## WORK TO BE COMPLETED
Output the number of lines in the material below containing "Mint" and nothing more.

## DATA FOR THE TASK
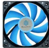
Suscool 121 120mm fan with super quiet temperature control.
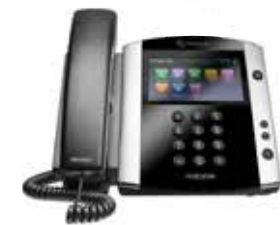
Polycom VVX 601 - EXECUTIVE
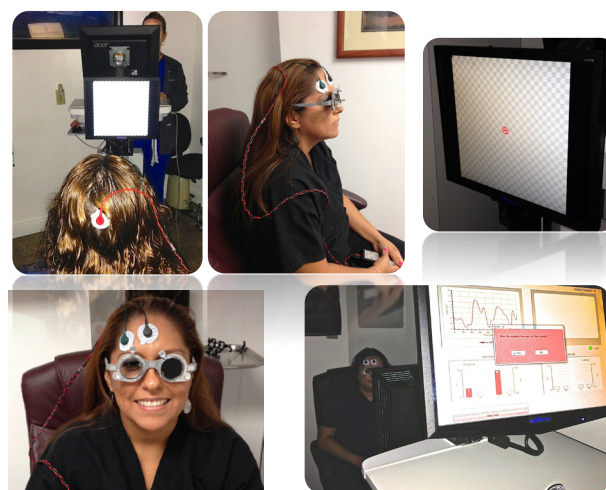
Figure 1. Clinical setup of the Diopsys SD-tVEP testing system. ERG studies can be performed using the same apparatus with adhesive lower-lid skin electrodes.

The proportion of eyes designated as suspicious or abnormal by the Diopsys Nova-LX scoring algorithm was determined for patients with differing perimetric disease severity based on their latest HFA 30-2 visual field (mild, mean deviation (MD) > -6 dB; moderate, -6 to -12 dB; severe, MD < -12 dB). We compared latency failure with HFA Guided Progression Analysis acquired over the preceding 4 to 7 years to determine whether a single VEP test might help to identify eyes at increased risk of
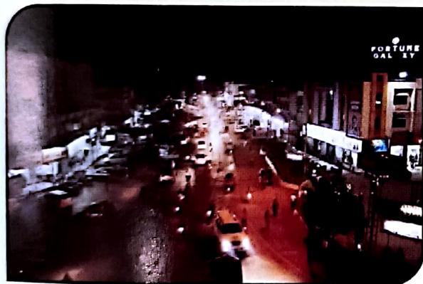
Gunjan Char Rasta by Night
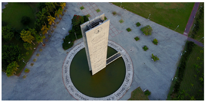
2018 - Produced and edited by USP International Cooperation Office
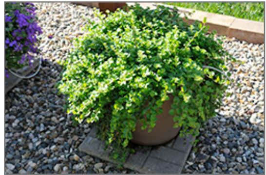
Indian Mint

Indian Mint is recommended for the following landscape applications;
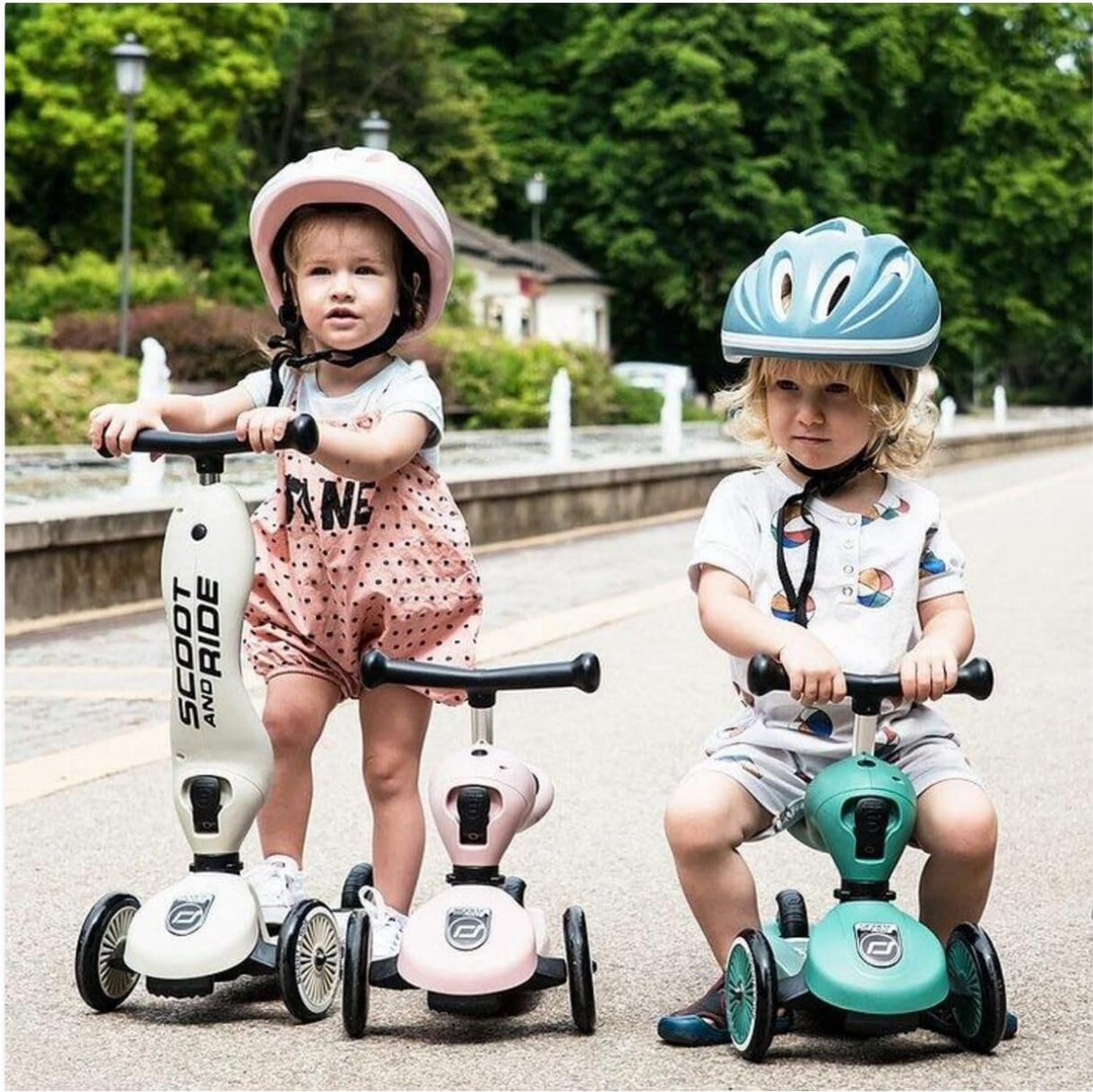
Image: Two children demonstrating the versatility of the Highwaykick 1, one using it as a stand-up scooter and the other as a ride-on.
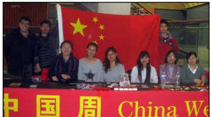
2013 China Week.

The 2013 China Week, an annual event at Buffalo State organized by the Center for China Studies, was held on the campus during April 8–12 with the main purpose of promoting a better understanding of Chinese culture and society. Throughout the week, Chinese visiting scholars exhibited some typical Chinese arts and crafts, providing an interesting introduction to Chinese culture. The various exhibits attracted a large number
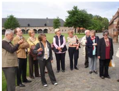
ADFAS group inside the Abbey close

A group of 14 people, members and friends, had a guided tour of the Abbey of Tongerlo. Our English-speaking guide (from the tourist office in Westerlo) was not the best. There was little structure in his explanations and he had problems finding his words, it was not easy to listen to him. Nevertheless the large inner close of Tongerlo's Abbey was on that calm sunny morning inspiring. The story of the Abbey, founded in 1128 in honour of the Blessed Virgin, is complicated. From very small beginnings the abbey grew to be in time one of the most important in Belgium, making its spiritual and social influence felt all over the "Kempen". First the Calvinists and later the French Revolution brought an end to its high days of this Norbertine Abbey. Buildings were demolished, others added and even the Church was rebuilt in a different place.
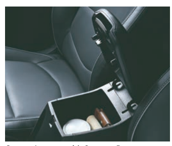
Centre Armrest with Storage Box
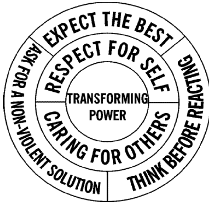
Figure 5.1 - Transforming Power Mandala (AVP/USA, 2005, p. c-6).

After being an AVP facilitator for seven years at Auburn prison in New York, I decided after many critical conversations with men at Auburn prison, that I should work with youth in secure detention facilities. With the support of AVP, Syracuse Quaker Meeting, and the men at Auburn prison, I began to do AVP workshops at Hillbrook Youth Detention Facility in 2007. In 2009, at Hillbrook Youth Detention Facility, I, with a few other adults and a group of kids in Hillbrook, created an organization named by the kids, “Save the Kids.” Save the Kids, an organization dedicated to fostering a national movement to keep kids away from violence and out of incarceration, is grounded in transformative justice. Save the Kids works with kids who are targeted by the juvenile

## TASK RESPONSE
2